March 11, 2015, Wednesday - A Sip of Science at Aster Cafe
Time: 5:30pm
Location: Aster Cafe (River Room) 125 SE Main Street
February Sip of Science - The Fargo-Moorhead Flood Diversion Project
With Miguel Wong, Barr Engineering, and Chris Ellis, St. Anthony Falls Laboratory, University of Minnesota
For decades the cities of Fargo, North Dakota, and Moorhead, Minnesota, have been plagued by flooding from the Red River of the North and its tributaries. As part of a team of consultants hired by the two cities, Barr worked with the USACE St. Paul District to develop and compare solutions to the problem—and provide relief to an area that, in the past 16 years, has experienced six of the 10 largest flood events since 1897. Expedited after the flood of record in 2009, the fast-track feasibility study for this large and complex undertaking was completed in just three years, and the project is now in final design. The ultimate goal of the project is construction of a 36-mile-long diversion channel to direct floodwater around the Fargo-Moorhead metropolitan area. This presentation will highlight work on two unique project features: the Maple aqueduct and spillway structures, and the artificially constructed meandering low flow channel.
ABOUT THE SPEAKERS
Born and raised in Peru, Miguel Wong obtained his bachelor’s degree in civil engineering there. He earned his master’s in hydraulic engineering from the UNESCO-IHE Institute for Water Education in the Netherlands, and his PhD from the University of Minnesota. His doctoral work at the St. Anthony Falls Laboratory yielded a proposed modification to a well-established bedload-transport equation that the U.S. Army Corps of Engineers subsequently incorporated into its HEC-RAS modeling software. Miguel, who now has more than 20 years of experience, has acquired the last nine as a senior water resources engineer at Barr Engineering Co., consulting on hydrologic modeling, hydraulic design, river-mechanics analysis, and water management.

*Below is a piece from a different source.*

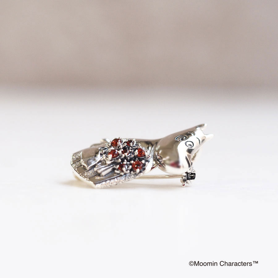 Moomin? Moominpappa? Who gave her this bouquet? This brooch pendant features Moominmamma, holding a large bouquet with a cute, surprised expression. The bouquet she is holding is set with garnet.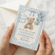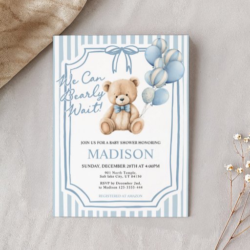 Celebrate your little one on the way with this adorable “We Can Bearly Wait” baby shower invitation featuring a cute watercolor teddy bear with blue balloons. Perfect for a baby boy shower, this sweet and timeless design sets a cozy and loving tone for your special day.

Chris Ellis is a Senior Research Associate at the St. Anthony Falls Laboratory. With over 30 years of experience, Chris is engaged in fundamental and applied water and wind related research. He is one of the Lab’s primary resources for experimental and measurement design and implementation including scientific/engineering systems design, facility design and fabrication, and high speed automated data acquisition and analysis.